Kadra Wigier Suwałki węższa. "Bardzo możliwe, że ktoś jeszcze dojdzie"

WP SportoweFakty / Roksana Bibiela / Na zdjęciu: piłkarze Wigier Suwałki
WP SportoweFakty / Roksana Bibiela / Na zdjęciu: piłkarze Wigier Suwałki

Piłkarze Wigier Suwałki są po pierwszym treningu w okresie przygotowań. Kadra jest węższa w stosunku do rundy jesiennej. - Bardzo możliwe, że ktoś jeszcze dojdzie - zapowiada Dariusz Mazur, prezes klubu.

Podopieczni Artura Skowronka trenowali w poniedziałek na sztucznym boisku. We wtorek przejdą badania mocy, szybkości i wytrzymałości. Indywidualnie pracuje Paweł Olszewski, który wraca do zdrowia po kontuzji. Trener zaplanował pierwszy sparing Wigier Suwałki na 20 stycznia, a ich przeciwnikiem będzie Atlantas Kłajpeda. Większość meczów kontrolnych zagrają z klubami z Litwy. Dopiero w próbie generalnej suwalczanie zmierzą się z polskim zespołem Olimpią Zambrów.
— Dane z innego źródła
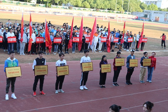 首先,吴彬彬同志宣布了学生运动会道德风尚奖评选结果。化工学院获得此奖,由化工学院体育部部长颜伟上台领奖并与颁奖嘉宾合影留念。接着,赛事主管陈文胜同志宣布了获得女子团体总分前八名、男子总分前八名、“湘潭大学阳光体育铜奖”、“湘潭大学阳光体育银奖”、“湘潭大学阳光体育金奖”五种奖项的学院。,化工学院荣获女子团体总分第八名。“湘潭大学阳光体育金奖”由公共管理学院和商学院夺得。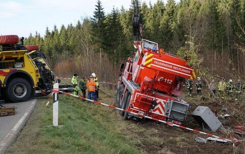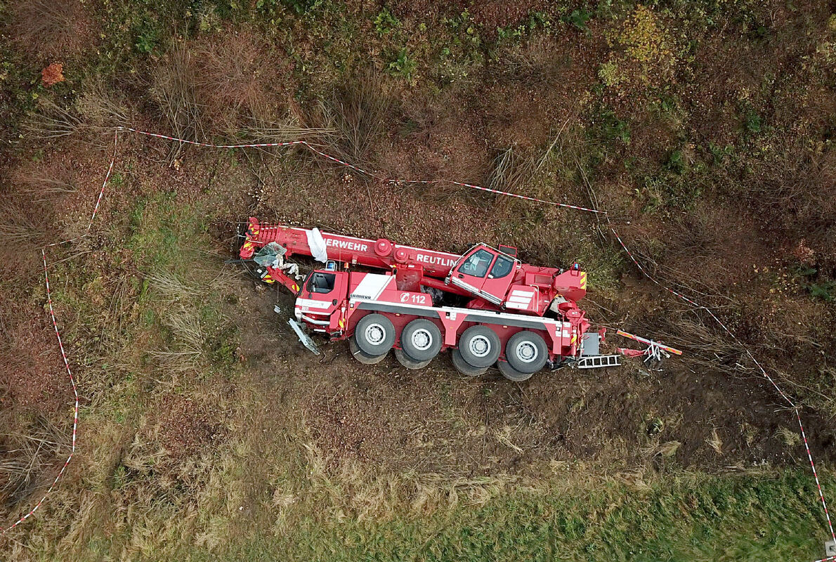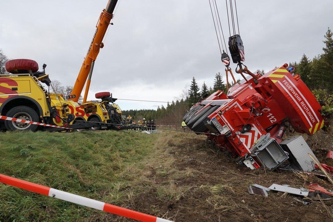 Der Kranwagen war am Mittwoch auf der Rückfahrt von einem Einsatz in der Nähe von Aulendorf (Landkreis Ravensburg), wo er, mit einem zweiten Kranwagen einer privaten Firma, einen verunfallten Propangastank-Lastkraftwagen aufrichten musste. Nach getaner Arbeit machten sich die Reutlinger Feuerwehrmänner auf Richtung Heimat.

Kadra Wigier jest na razie węższa w porównaniu z rundą jesienną. Drużynę opuścili bramkarze Łukasz Budziłek i Przemysław Wróbel, obrońca Luka Asatiani, a także pomocnicy Radosław Bukacki i Krzysztof Wołkowicz. Poza Budziłkiem pożegnani zawodnicy nie stanowili o sile Wigier. W ostatnim meczu rundy jesiennej nie zagrali choćby minuty.

W miejsce Budziłka i Wróbla zakontraktowany został nowy bramkarz Damian Węglarz, który będzie rywalizować o miejsce w jedenastce z Hieronimem Zochem. Przez ostatnie lata nie dostawał wielu szans na pokazanie się w Zawiszy Bydgoszcz i w Jagiellonii Białystok. Trzecim golkiperem Wigier będzie wychowanek Krzysztof Szutkowski.
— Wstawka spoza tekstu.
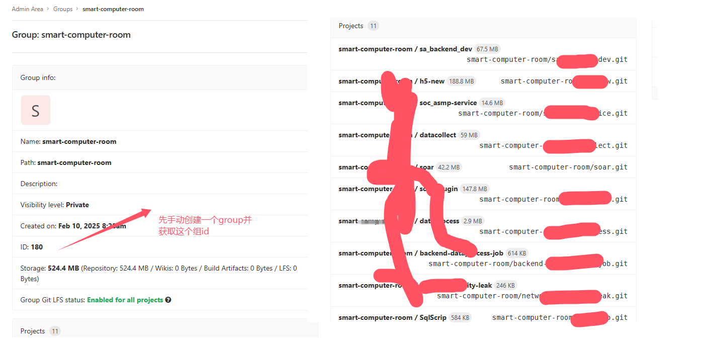 #!/bin/bash # GitLab API URL GITLAB_URL="https://192.168.30.111:8090/api/v4" # API Token API_TOKEN="345345345345345345345" #这是手动创建的group id GROUP_ID=180 PROJECTS=("sa_backend_dev" "h5-new" "soc_asmp-service" "datacollect" "soar" "soar_plugin" "dataprocess" "backend-dataprocess-job" "network-security-leak" "SqlScrip" "soc_ai") for project in "${PROJECTS[@]}"; do if [[ -n $GROUP_ID ]]; then GROUP_PARAM="group_id=$GROUP_ID" else GROUP_PARAM="path=$GROUP_PATH" fi curl -k --request POST "$GITLAB_URL/projects" \ --header "PRIVATE-TOKEN: $API_TOKEN" \ --header "Content-Type: application/json" \ --data "{ \"name\": \"$project\", \"namespace_id\": $GROUP_ID }" done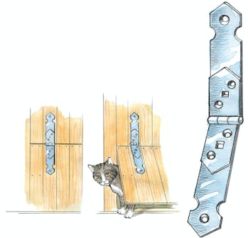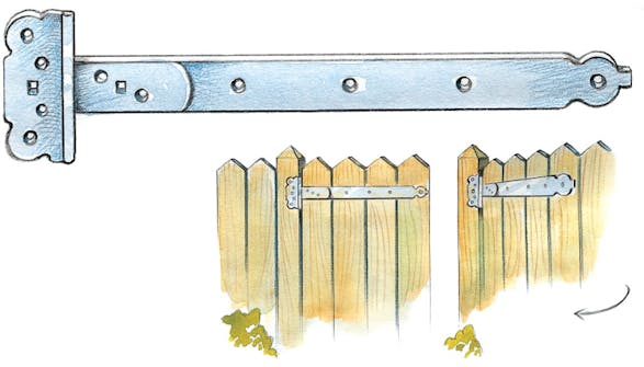 T-hængslet minder om stabel- og nothængslet. Men det er beregnet til lidt lettere udendørs konstruktioner. T-hængslet kan ikke skilles, så låge/lem/dør kan ikke løftes af.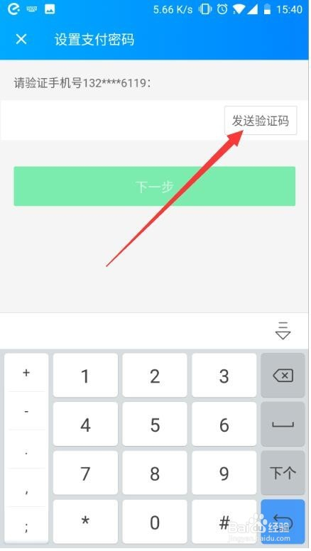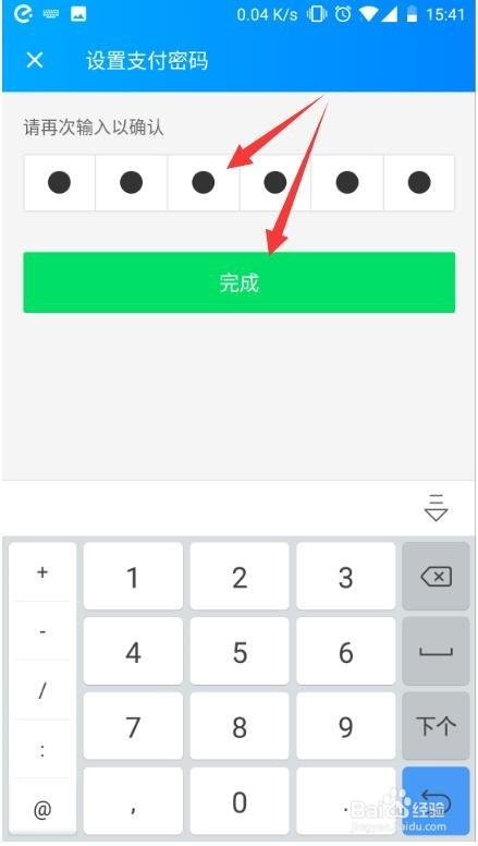 在后面输入验证码后需要输入付出密码,而且输入两次,点击完当作就完当作了设置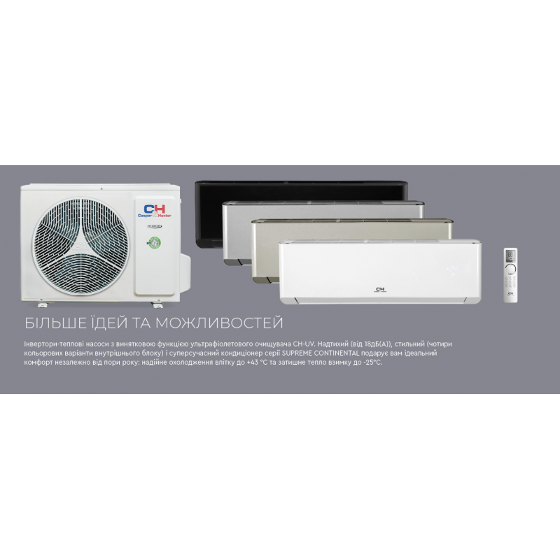 Кондиціонер Cooper&Hunter CH-S09FTXAL2-FB Supreme Continental – оновлена в 2023 році дизайнерська серія теплових насосів. Ця спліт-система об'єднала у собі всі найкращі розробки та технології Купер Хантер за останні роки. Дизайн внутрішнього блоку інженери зробили як у серії Supreme, випущеної раніше, а внутрішня комплектація і функціонал як у серії Arctic. Кондиціонер працює на екологічному озонобезпечному фреоні R32 і може експлуатуватися в широкому діапазоні зовнішніх температур від -25 до +50°С. Це можливо завдяки підвищеному ресурсу роботи та захисту зовнішнього блоку від зледеніння. Кондиціонер CH-S09FTXAL2-FB призначений для встановлення у приміщеннях до 25 м².

Blisko powrotu do rodzinnego miasta jest także Bartosz Olszewski. Transfer młodzieżowca wymaga potwierdzenia. Od 2012 roku obrońca szkolił się w akademii Legii Warszawa. Ze stołecznym zespołem zdobył mistrzostwo Polski juniorów. W tym okresie był powoływany do młodzieżowej reprezentacji kraju.

- Bardzo możliwe, że ktoś jeszcze dojdzie do tego zespołu. Nie chcemy jednak, żeby to były uzupełnienia. Chcemy, aby były to kluczowe wzmocnienia, lub piłkarze, w których będziemy widzieli przyszłość tego klubu - zapowiada Dariusz Mazur, prezes Wigier.
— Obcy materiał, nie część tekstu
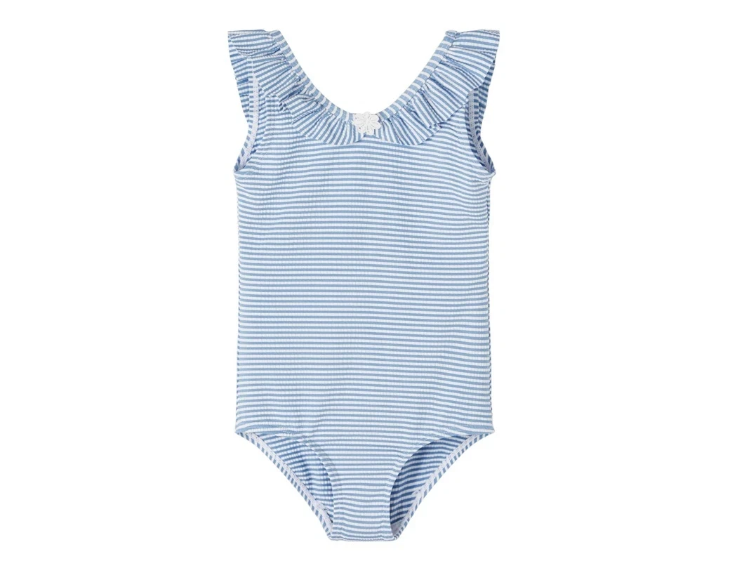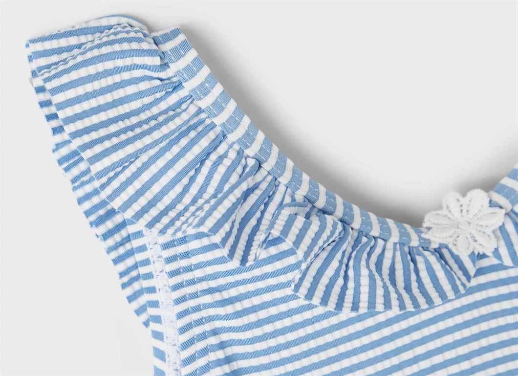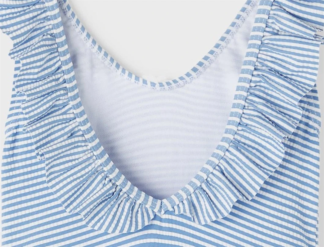 Badedragten kommer i farven silver lake blue med flotte striber, feminine flæser og en lille sløjfe som en ekstra fin detalje.
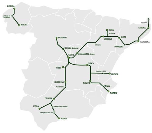 Pero eso sí, la apuesta del Gobierno Central se centra en el desarrollo de: una línea que conecte Portugal con Madrid, y desde allí pueda salir a Europa a través de Zaragoza y Barcelona, o del país Vasco; y en una línea que ellos denominan también, como Corredor Mediterráneo, pero el otro, porque partiría de Algeciras, pero bordearía la península hasta Valencia y desde allí, se iría a Madrid o Zaragoza para salir a la frontera por la comunidad Catalana o el País Vasco.

Ważne dla Mazura jest przedłużenie kontraktów z obecnymi zawodnikami, aby latem uniknąć podobnej rewolucji kadrowej do tej, która nastąpiła przed sezonem. Konkrety w tym temacie mają być znane do końca tygodnia. - Nie chcemy czekać do maja, czy do czerwca, żeby znów przebudowywać cały zespół - tłumaczy prezes.

Przez całą rundę jesienną Wigry były w dolnej połowie tabeli Nice I ligi. Dzięki udanemu finiszowi wypracowały sobie siedem punktów przewagi nad strefą spadkową. Niewiele większa jest strata suwalczan do miejsc premiowanych awansem do Lotto Ekstraklasy, a w zanadrzu mają zaległe spotkanie ze Stomilem Olsztyn.

ZOBACZ WIDEO Kołodziejczyk: Ekstraklasa nie weryfikuje żadnych umiejętności

Komentarze (0)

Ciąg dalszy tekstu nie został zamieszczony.